Wear Our Heritage - Making a Fur Muff

last updated April 7, 2016 by Sheila Schmutz, Saskatoon. [email protected]

Natural Fur Muffs

The fur muff is one of the easiest accessories to make. The example here is made from one raccoon pelt, which was not very large.

Pelt Preparation

As with all fur sewing, one is meant to stretch or "block" the pelt before cutting it. This garment tanned small raccoon had no holes that needed to be fixed. It is stretched with tacks instead of staples, although professional furriers would typically use many staples for this process. The little aerosol bottle contains water. The pelt is moistened and stretched. It is left to dry for about 24 hours.

The fur on this pelt is quite nice. However, there is a bald spot on one side near the rear leg. If that was the only bald spot, one could try to replace it. But the fur on that side is quite thin, so I chose to remove that edge.

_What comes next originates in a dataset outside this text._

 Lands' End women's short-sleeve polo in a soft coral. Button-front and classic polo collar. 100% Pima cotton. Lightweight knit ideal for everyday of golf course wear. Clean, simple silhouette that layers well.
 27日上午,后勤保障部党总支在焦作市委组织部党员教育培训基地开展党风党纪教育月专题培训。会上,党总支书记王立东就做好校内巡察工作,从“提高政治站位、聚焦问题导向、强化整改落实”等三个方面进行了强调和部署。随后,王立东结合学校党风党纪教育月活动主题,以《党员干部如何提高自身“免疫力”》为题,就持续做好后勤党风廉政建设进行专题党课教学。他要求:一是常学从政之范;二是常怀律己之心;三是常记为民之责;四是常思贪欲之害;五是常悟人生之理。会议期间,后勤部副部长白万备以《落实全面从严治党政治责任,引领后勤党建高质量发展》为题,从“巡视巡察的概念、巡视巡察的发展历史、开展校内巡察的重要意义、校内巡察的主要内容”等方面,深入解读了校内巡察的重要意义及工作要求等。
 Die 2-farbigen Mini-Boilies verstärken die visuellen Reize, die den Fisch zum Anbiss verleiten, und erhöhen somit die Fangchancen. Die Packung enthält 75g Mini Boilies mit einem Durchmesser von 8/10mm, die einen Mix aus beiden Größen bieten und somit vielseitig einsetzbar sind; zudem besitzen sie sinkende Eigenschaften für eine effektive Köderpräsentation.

Using a straightedge and felt marker, the maximum rectangular piece possible was marked on the leather side of the pelt. Using a furrier knife, single edge razor blade or scalpel, the rectangle is cut from the pelt. Be sure to cut from the leather side, holding the pelt up to avoid cutting any of the fur.

The rectangle from this raccoon pelt is only 9 inches wide. This is about the minimum width one would want for a muff. It would be a very appropriate size for a child's muff, but 12 inches is more typical for a ladies muff. The length was 15 inches. Many muffs are 19-23 inches long.

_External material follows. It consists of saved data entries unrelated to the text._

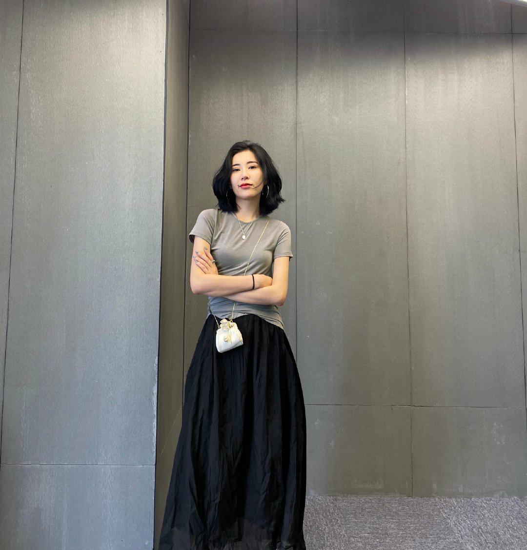 When mature sisters choose T-shirts, if they want to make their sense of age reduction stronger, they can choose the regular version. If they want their mature charm to be naturally exuded, You can use some irregular tailoring. Her clothing uses a tight-fitting design on the chest and shoulders, which reflects the three-dimensional shape of the upper body and the sexiness of the figure. The slanted and irregular pleats are used on the hem to make the clothing more sexy. The sense of fashion has become particularly strong. The lower body is paired with a black retro skirt, revealing fashion in a low-key manner.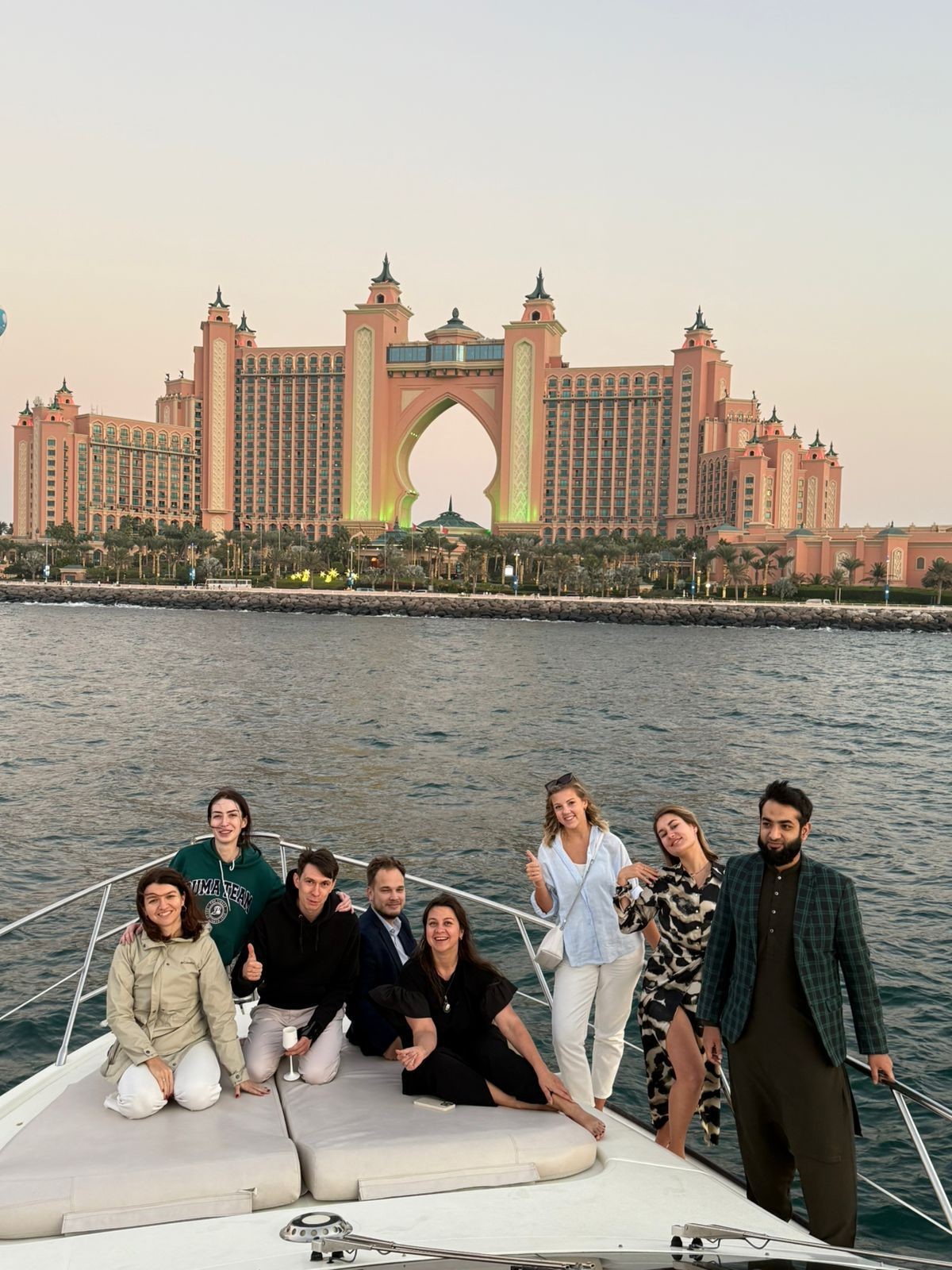 阿联酋团队沿美丽的海岸线乘船出游,庆祝一年的成绩和团队情谊。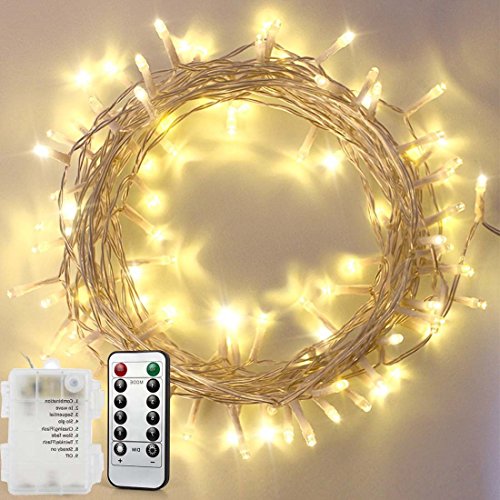 Remote Fairy String Lights Warm White,33ft 10M 100 LED Waterproof Battery Powered Ambiance Lighting With Remote for Indoor,Outdoor,Patio,Lawn,Landscape,Wedding,Christmas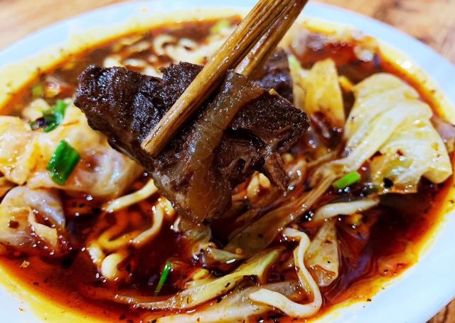 旅游度假牛肉倒是大坨,但是汤底和调味简直和重庆小面差距太大,看来业余和专业的区别还是相差甚远。 2两23块,两大坨牛肉,素菜就是使用的包包白菜,可能名字也因此而来。谈不上好吃,也不会难吃,感觉和成都普通面馆差不多。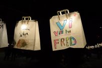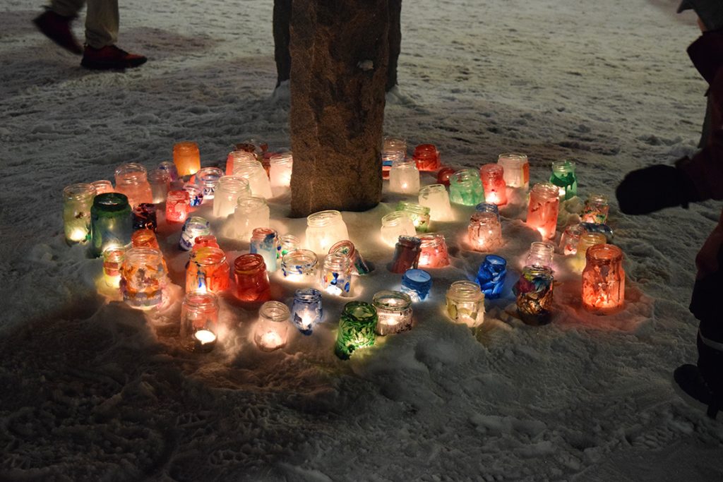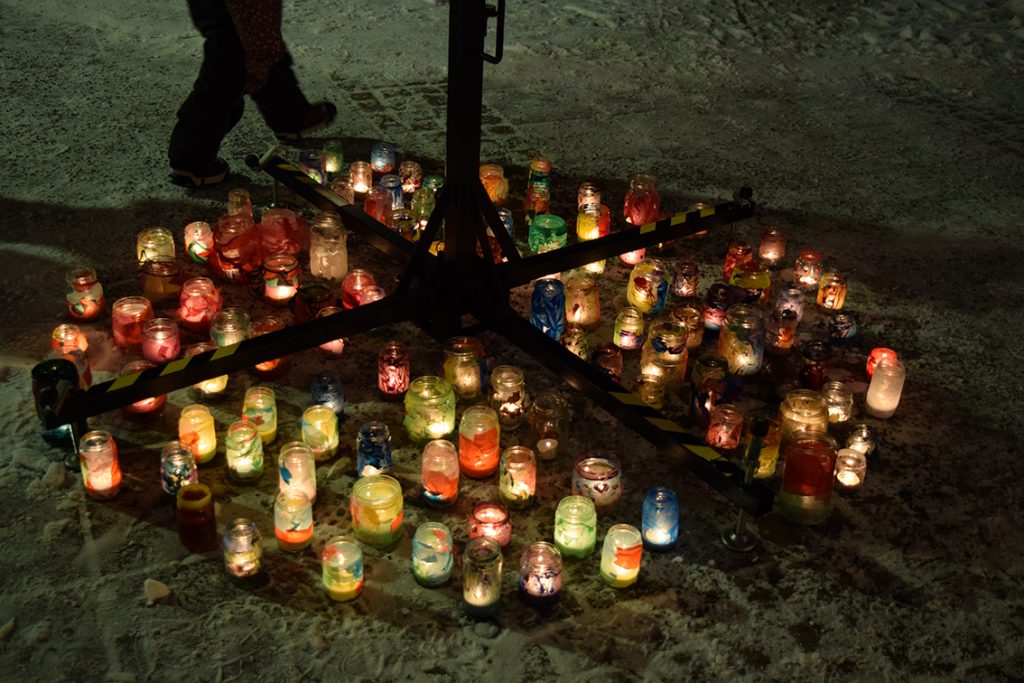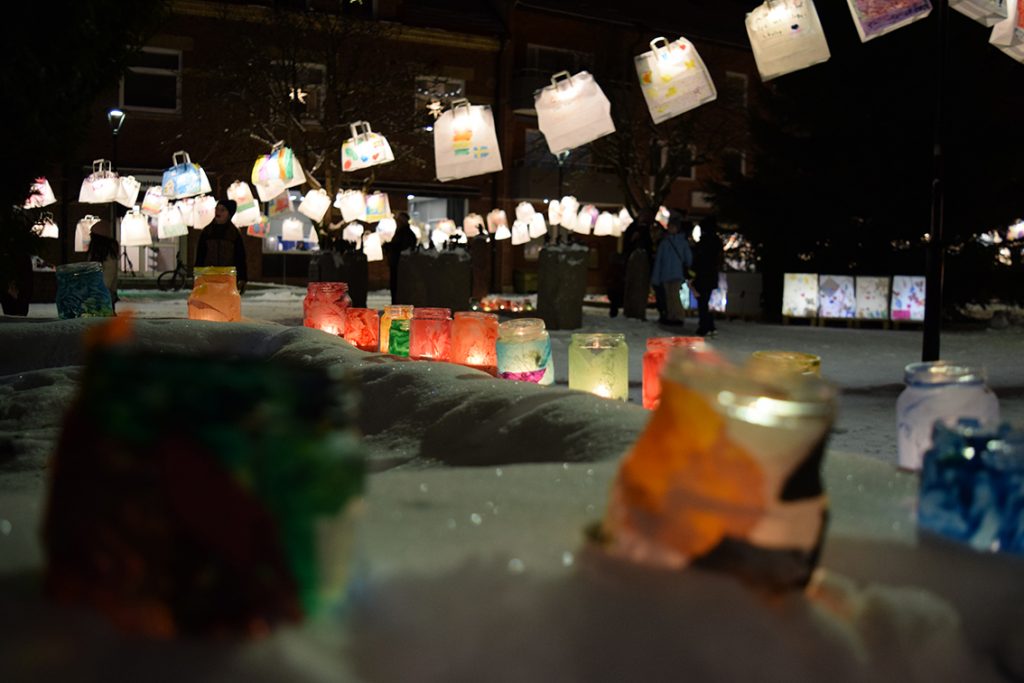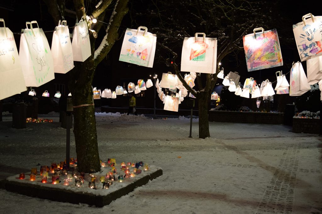– Alla elever i årskurs tre i kommunen har gjort totalt över 200 påsar och man har skrivit sina tankar kring barnkonventionen. 700 ljusen har förskolebarnen tillverkat. Eleverna har sett sin påse och de påsar sin klass gjort och här får man se det hela. UC/UG  har öppet i kväll och diskjockey förser oss med musiken.

Many vintage muffs are lined with satin. If you choose a lining fabric of that type, then the muff should be interlined with batting, either polyester or cotton. Polyester would be lighter and provide more fluff to the fur but if you are trying to be more historically correct, then cotton or wool batting could be used.

I chose a wool lining that is made for mitt lining for warmth. This fabric is fuzzy on both sides and has a soft base. Therefore this single fabric will provide both warmth to cold hands, and loft to the fur. Fleece would be another fabric one might use.

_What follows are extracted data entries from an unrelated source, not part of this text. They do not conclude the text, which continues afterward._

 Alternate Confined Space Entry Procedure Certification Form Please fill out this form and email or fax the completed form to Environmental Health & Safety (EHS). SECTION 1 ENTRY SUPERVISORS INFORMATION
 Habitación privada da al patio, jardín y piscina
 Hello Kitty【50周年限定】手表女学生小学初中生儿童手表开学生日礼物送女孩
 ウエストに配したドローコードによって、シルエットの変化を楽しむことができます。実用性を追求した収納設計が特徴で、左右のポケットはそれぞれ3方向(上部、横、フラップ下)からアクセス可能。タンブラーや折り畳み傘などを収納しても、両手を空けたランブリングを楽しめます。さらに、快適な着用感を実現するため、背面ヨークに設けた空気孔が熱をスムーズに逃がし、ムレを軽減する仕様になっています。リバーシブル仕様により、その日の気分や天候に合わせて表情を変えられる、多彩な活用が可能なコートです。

The lining should be cut about an inch narrower than the fur, and about an inch longer.


Sewing the lining to the fur on both long sides. Use either a fur sewing machine, which I did, or sew by hand using a glover's needle and quilting thread.

Turn the fur to the right side. Note that because the lining is a bit narrower, the fur naturally turns over a bit at the edges, as desired.

Next, sew the two ends of the fur together.

Often a cord is attached to the muff. The cord can be long enough to go over the neck. In that case, attach one end of the cord to the inside of the lining on each side, before the two lining ends are hand-stitched together.

Alternatively, use a shorter cord to go over the hand and attach both ends of cord to one side of the lining, as shown in this photograph. As you can see on the finished muff, the cream wool lining does not show from the front of the muff because the fur curls in at each end. The natural darker middle "stripe" on the raccoon falls in the center of the muff.

If you don't have access to garment tanned fur pelts, leather stores often carry rabbit fur in "plates". These plates are like yardage, but made of several fur pelts, matched and sewn together. The muff at the right was made from such a rabbit fur plate, gifted to me by a friend. I lined it with fleece and interlined it with batting. It is 12 inches wide and about 23 inches in circumference.